(Dataset content)
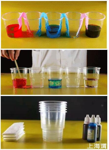 實驗材料:紙巾、透明杯子、色素(紅、綠、藍或任意三種顏色)
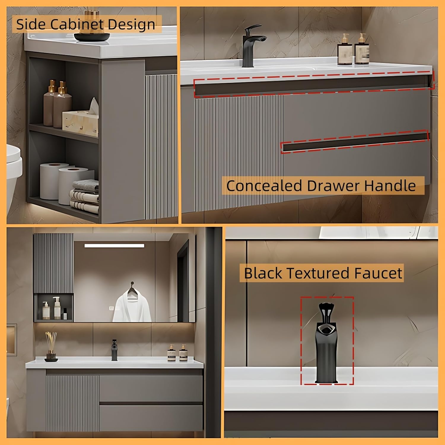 - 【Concealed Drawer Handles】The concealed drawer handle design of our modern bathroom vanity saves space and improves safety, avoiding bumps. It is consistent with the overall style of the bathroom cabinet, showing a simple yet stylish design concept. This handle design is not only beautiful but also practical, making the opening and closing of the drawers smoother and enhancing the user experience
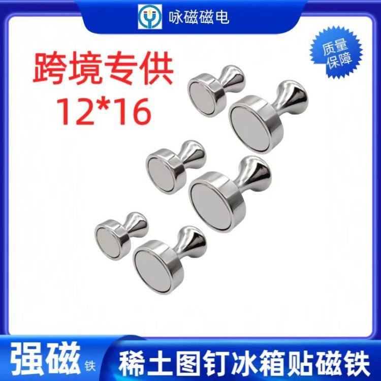 咏磁金属镀镍图钉磁铁12*16mm强磁冰箱贴钕铁硼磁钢教学白板书画
(End Dataset content)
(Aim of the task): Each word of the data should be repeated exactly, and the pictures left out.

(Solved exercise):
 實驗材料:紙巾、透明杯子、色素(紅、綠、藍或任意三種顏色)
 - 【Concealed Drawer Handles】The concealed drawer handle design of our modern bathroom vanity saves space and improves safety, avoiding bumps. It is consistent with the overall style of the bathroom cabinet, showing a simple yet stylish design concept. This handle design is not only beautiful but also practical, making the opening and closing of the drawers smoother and enhancing the user experience
 咏磁金属镀镍图钉磁铁12*16mm强磁冰箱贴钕铁硼磁钢教学白板书画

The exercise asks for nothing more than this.